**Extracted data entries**
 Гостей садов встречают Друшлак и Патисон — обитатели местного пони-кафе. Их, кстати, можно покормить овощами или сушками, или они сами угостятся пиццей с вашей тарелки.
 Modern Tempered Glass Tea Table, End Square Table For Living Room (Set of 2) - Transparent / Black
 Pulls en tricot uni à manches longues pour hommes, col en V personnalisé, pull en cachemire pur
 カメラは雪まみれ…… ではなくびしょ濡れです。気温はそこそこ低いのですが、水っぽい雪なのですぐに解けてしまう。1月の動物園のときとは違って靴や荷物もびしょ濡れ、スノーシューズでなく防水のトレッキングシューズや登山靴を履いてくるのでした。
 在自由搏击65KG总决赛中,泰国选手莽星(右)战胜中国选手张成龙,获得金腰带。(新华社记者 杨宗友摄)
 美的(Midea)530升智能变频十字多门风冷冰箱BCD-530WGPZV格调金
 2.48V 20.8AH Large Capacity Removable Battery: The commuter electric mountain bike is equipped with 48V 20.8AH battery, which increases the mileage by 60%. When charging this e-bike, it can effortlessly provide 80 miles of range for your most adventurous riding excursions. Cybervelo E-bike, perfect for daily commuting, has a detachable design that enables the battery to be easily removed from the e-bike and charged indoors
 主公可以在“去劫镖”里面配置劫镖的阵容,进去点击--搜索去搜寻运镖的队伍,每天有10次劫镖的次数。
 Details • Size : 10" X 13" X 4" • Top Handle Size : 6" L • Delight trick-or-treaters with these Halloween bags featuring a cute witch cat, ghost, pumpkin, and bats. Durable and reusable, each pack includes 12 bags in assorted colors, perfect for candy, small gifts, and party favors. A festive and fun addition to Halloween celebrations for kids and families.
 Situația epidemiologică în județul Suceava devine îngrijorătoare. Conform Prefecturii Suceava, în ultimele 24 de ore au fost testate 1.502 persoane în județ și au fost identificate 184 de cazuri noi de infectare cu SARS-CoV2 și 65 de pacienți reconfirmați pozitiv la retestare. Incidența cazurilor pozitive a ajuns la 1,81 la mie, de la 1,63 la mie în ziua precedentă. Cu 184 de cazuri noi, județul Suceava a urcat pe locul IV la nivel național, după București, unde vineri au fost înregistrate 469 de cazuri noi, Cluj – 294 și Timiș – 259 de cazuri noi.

**Exercise details**
Nothing in the records above may be left out; repeat them exactly.

**Task output**
 Гостей садов встречают Друшлак и Патисон — обитатели местного пони-кафе. Их, кстати, можно покормить овощами или сушками, или они сами угостятся пиццей с вашей тарелки.
 Modern Tempered Glass Tea Table, End Square Table For Living Room (Set of 2) - Transparent / Black
 Pulls en tricot uni à manches longues pour hommes, col en V personnalisé, pull en cachemire pur
 カメラは雪まみれ…… ではなくびしょ濡れです。気温はそこそこ低いのですが、水っぽい雪なのですぐに解けてしまう。1月の動物園のときとは違って靴や荷物もびしょ濡れ、スノーシューズでなく防水のトレッキングシューズや登山靴を履いてくるのでした。
 在自由搏击65KG总决赛中,泰国选手莽星(右)战胜中国选手张成龙,获得金腰带。(新华社记者 杨宗友摄)
 美的(Midea)530升智能变频十字多门风冷冰箱BCD-530WGPZV格调金
 2.48V 20.8AH Large Capacity Removable Battery: The commuter electric mountain bike is equipped with 48V 20.8AH battery, which increases the mileage by 60%. When charging this e-bike, it can effortlessly provide 80 miles of range for your most adventurous riding excursions. Cybervelo E-bike, perfect for daily commuting, has a detachable design that enables the battery to be easily removed from the e-bike and charged indoors
 主公可以在“去劫镖”里面配置劫镖的阵容,进去点击--搜索去搜寻运镖的队伍,每天有10次劫镖的次数。
 Details • Size : 10" X 13" X 4" • Top Handle Size : 6" L • Delight trick-or-treaters with these Halloween bags featuring a cute witch cat, ghost, pumpkin, and bats. Durable and reusable, each pack includes 12 bags in assorted colors, perfect for candy, small gifts, and party favors. A festive and fun addition to Halloween celebrations for kids and families.
 Situația epidemiologică în județul Suceava devine îngrijorătoare. Conform Prefecturii Suceava, în ultimele 24 de ore au fost testate 1.502 persoane în județ și au fost identificate 184 de cazuri noi de infectare cu SARS-CoV2 și 65 de pacienți reconfirmați pozitiv la retestare. Incidența cazurilor pozitive a ajuns la 1,81 la mie, de la 1,63 la mie în ziua precedentă. Cu 184 de cazuri noi, județul Suceava a urcat pe locul IV la nivel național, după București, unde vineri au fost înregistrate 469 de cazuri noi, Cluj – 294 și Timiș – 259 de cazuri noi.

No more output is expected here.